Data to process:
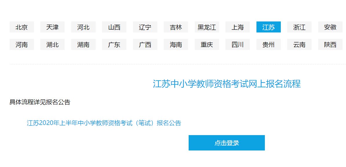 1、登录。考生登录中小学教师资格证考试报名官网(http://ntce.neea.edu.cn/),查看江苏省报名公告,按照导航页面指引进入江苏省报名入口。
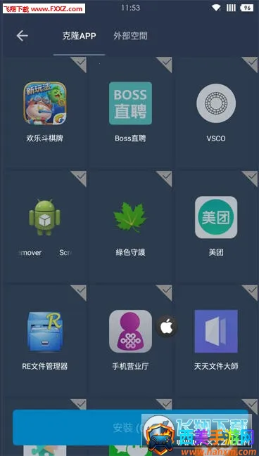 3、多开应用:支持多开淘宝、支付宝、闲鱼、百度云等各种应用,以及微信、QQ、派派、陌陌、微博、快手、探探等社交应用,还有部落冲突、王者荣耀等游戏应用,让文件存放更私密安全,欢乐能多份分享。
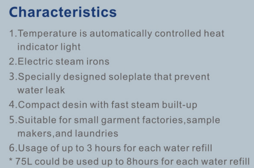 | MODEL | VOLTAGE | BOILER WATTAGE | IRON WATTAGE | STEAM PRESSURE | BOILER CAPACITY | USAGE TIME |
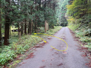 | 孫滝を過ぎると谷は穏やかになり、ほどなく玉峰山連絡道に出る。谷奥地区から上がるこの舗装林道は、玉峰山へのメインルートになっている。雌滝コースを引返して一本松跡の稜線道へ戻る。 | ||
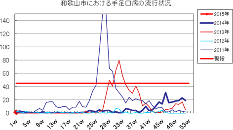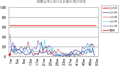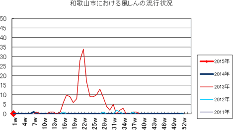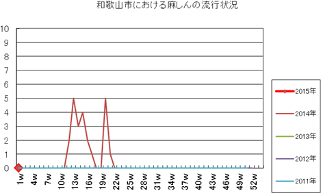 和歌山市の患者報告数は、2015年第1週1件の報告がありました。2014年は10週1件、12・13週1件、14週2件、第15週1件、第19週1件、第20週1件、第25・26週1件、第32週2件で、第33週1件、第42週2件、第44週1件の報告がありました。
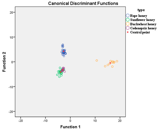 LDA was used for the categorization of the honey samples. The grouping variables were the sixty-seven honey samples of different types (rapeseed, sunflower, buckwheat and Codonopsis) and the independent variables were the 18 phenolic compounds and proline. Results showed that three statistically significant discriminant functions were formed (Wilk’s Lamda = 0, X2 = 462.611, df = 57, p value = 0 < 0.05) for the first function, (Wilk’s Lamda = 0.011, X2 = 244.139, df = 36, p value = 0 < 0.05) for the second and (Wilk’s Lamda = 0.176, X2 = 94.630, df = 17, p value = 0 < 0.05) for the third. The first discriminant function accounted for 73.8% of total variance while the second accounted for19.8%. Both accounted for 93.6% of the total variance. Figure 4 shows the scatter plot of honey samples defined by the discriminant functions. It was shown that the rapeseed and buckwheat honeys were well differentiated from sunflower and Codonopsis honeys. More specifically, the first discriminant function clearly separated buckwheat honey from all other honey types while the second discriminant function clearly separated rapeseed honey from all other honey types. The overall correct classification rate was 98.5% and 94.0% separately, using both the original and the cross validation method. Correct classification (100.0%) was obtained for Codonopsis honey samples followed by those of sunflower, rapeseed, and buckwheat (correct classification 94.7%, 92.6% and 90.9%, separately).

==

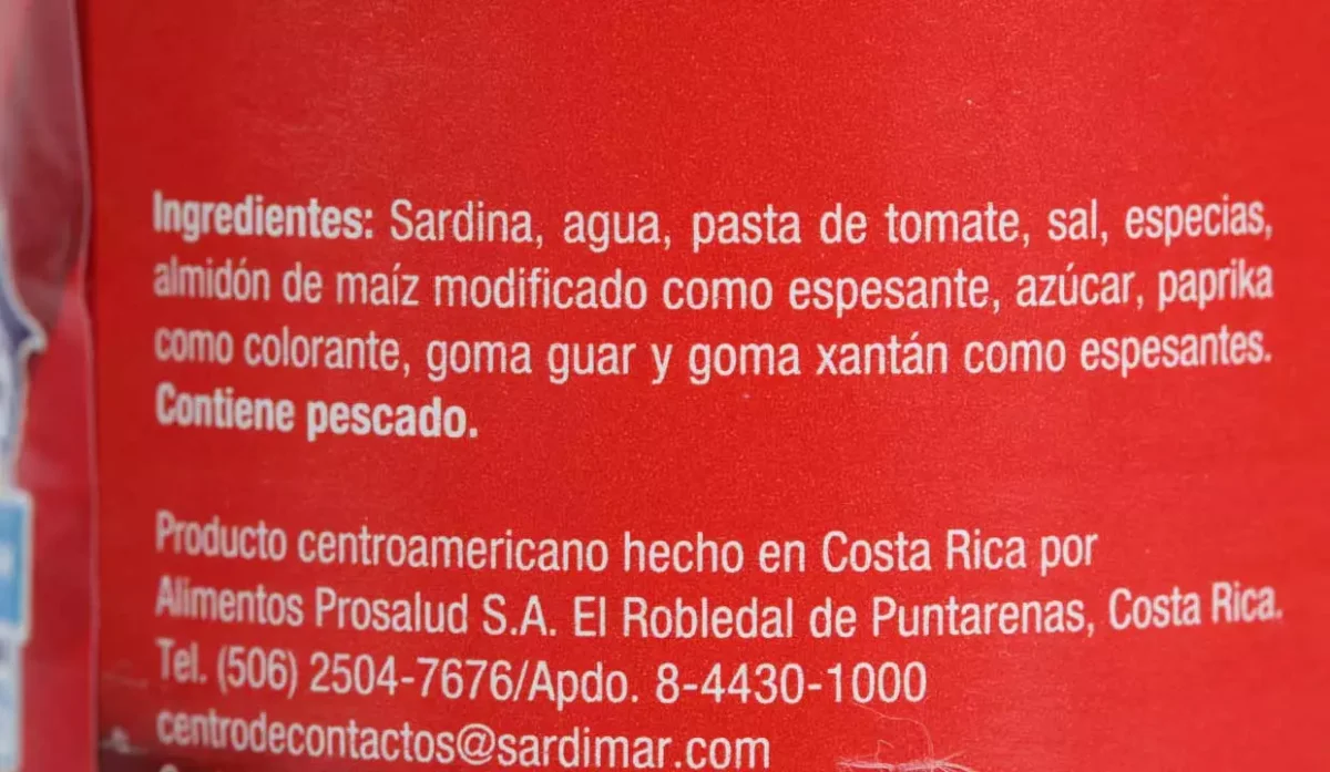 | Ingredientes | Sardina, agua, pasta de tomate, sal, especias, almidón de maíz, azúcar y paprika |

---

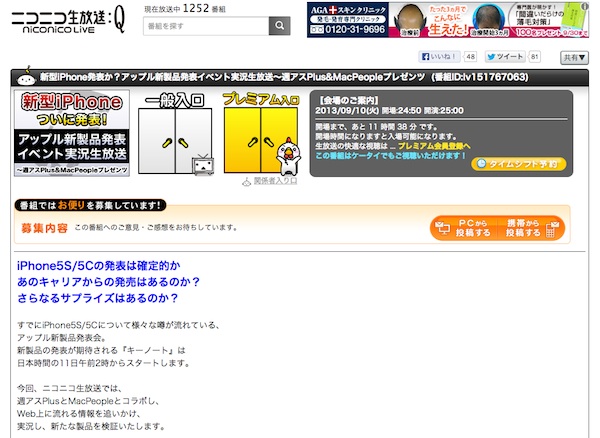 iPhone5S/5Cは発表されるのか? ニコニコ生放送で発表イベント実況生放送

Task objective: Although the records hold pictures, the copy must not; give again exactly the lines from the one with "1、登录。考生登录中小学教师" through the one with "和歌山市の患者報告数は、20".

Task output:
 1、登录。考生登录中小学教师资格证考试报名官网(http://ntce.neea.edu.cn/),查看江苏省报名公告,按照导航页面指引进入江苏省报名入口。
 3、多开应用:支持多开淘宝、支付宝、闲鱼、百度云等各种应用,以及微信、QQ、派派、陌陌、微博、快手、探探等社交应用,还有部落冲突、王者荣耀等游戏应用,让文件存放更私密安全,欢乐能多份分享。
 | MODEL | VOLTAGE | BOILER WATTAGE | IRON WATTAGE | STEAM PRESSURE | BOILER CAPACITY | USAGE TIME |
 | 孫滝を過ぎると谷は穏やかになり、ほどなく玉峰山連絡道に出る。谷奥地区から上がるこの舗装林道は、玉峰山へのメインルートになっている。雌滝コースを引返して一本松跡の稜線道へ戻る。 | ||
 和歌山市の患者報告数は、2015年第1週1件の報告がありました。2014年は10週1件、12・13週1件、14週2件、第15週1件、第19週1件、第20週1件、第25・26週1件、第32週2件で、第33週1件、第42週2件、第44週1件の報告がありました。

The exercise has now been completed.